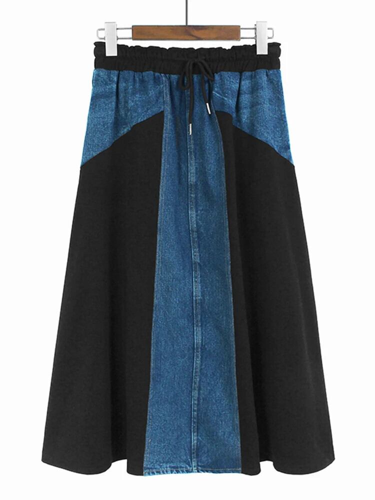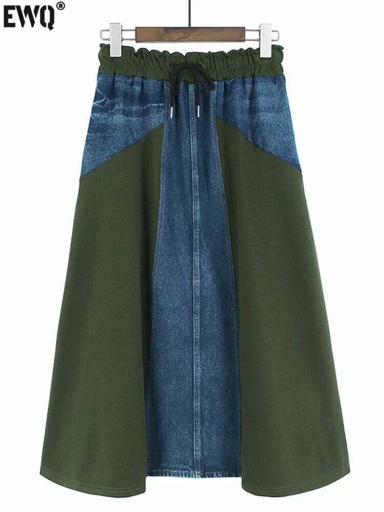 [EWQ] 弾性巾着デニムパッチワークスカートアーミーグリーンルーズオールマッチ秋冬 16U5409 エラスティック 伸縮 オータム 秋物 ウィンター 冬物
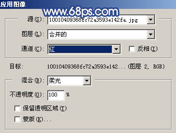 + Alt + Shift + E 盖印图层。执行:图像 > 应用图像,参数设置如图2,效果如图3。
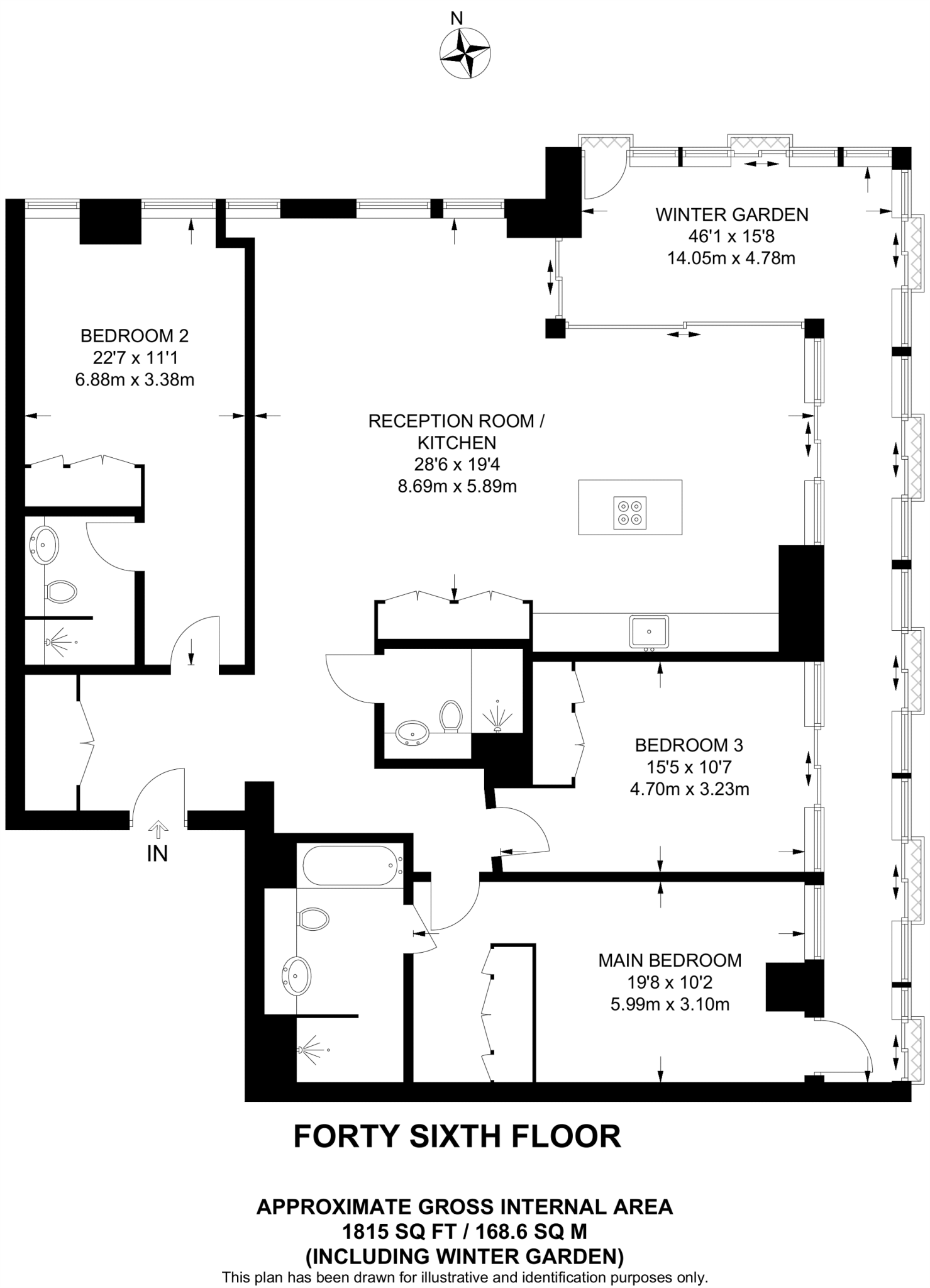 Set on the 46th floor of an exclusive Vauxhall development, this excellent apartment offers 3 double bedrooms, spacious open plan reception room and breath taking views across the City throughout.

--

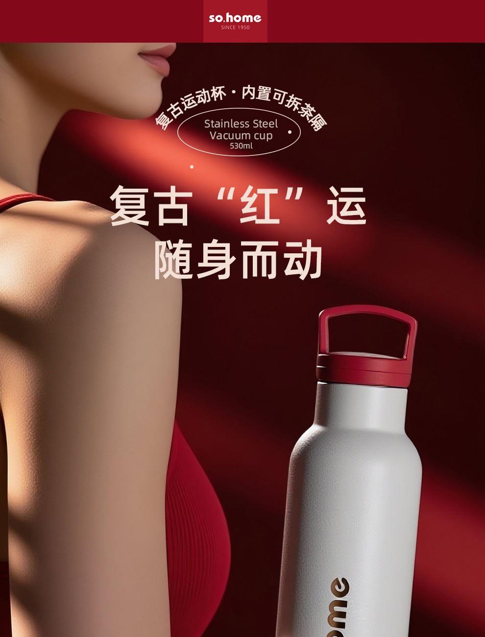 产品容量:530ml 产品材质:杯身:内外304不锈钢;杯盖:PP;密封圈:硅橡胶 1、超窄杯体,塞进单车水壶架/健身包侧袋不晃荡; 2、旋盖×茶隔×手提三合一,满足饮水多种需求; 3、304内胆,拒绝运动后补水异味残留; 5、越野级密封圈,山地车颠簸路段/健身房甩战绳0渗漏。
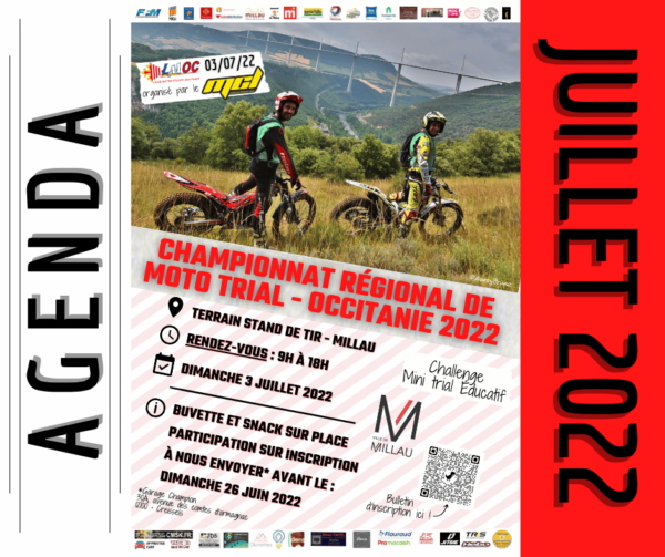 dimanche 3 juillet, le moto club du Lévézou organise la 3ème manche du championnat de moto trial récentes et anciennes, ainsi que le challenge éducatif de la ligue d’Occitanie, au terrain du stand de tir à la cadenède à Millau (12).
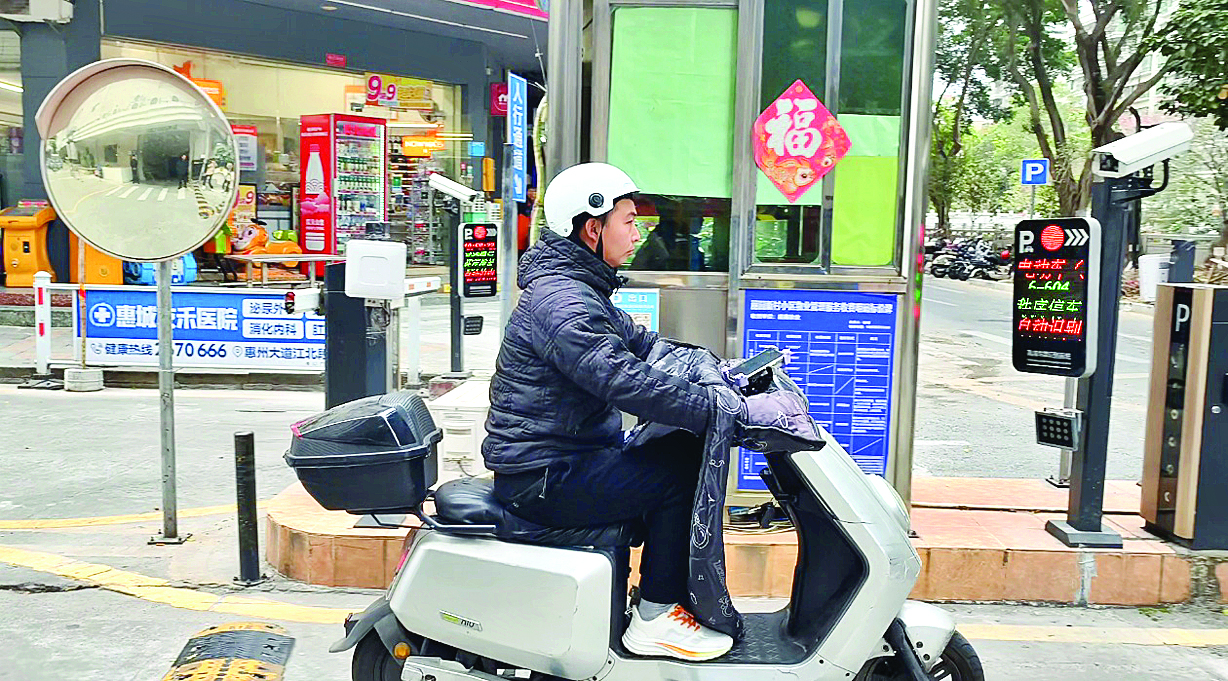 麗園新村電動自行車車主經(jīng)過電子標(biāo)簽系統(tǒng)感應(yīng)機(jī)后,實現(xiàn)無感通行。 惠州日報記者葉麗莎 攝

Exercise – Would you please reproduce the entries above, starting at the line with "盖印图层。执行:图像 > 应用图像,参数设置如图2,效果如图3。" and stopping after the line with "Set on the 46th"? Omit any pictures.

Result of the task –
 + Alt + Shift + E 盖印图层。执行:图像 > 应用图像,参数设置如图2,效果如图3。
 Set on the 46th floor of an exclusive Vauxhall development, this excellent apartment offers 3 double bedrooms, spacious open plan reception room and breath taking views across the City throughout.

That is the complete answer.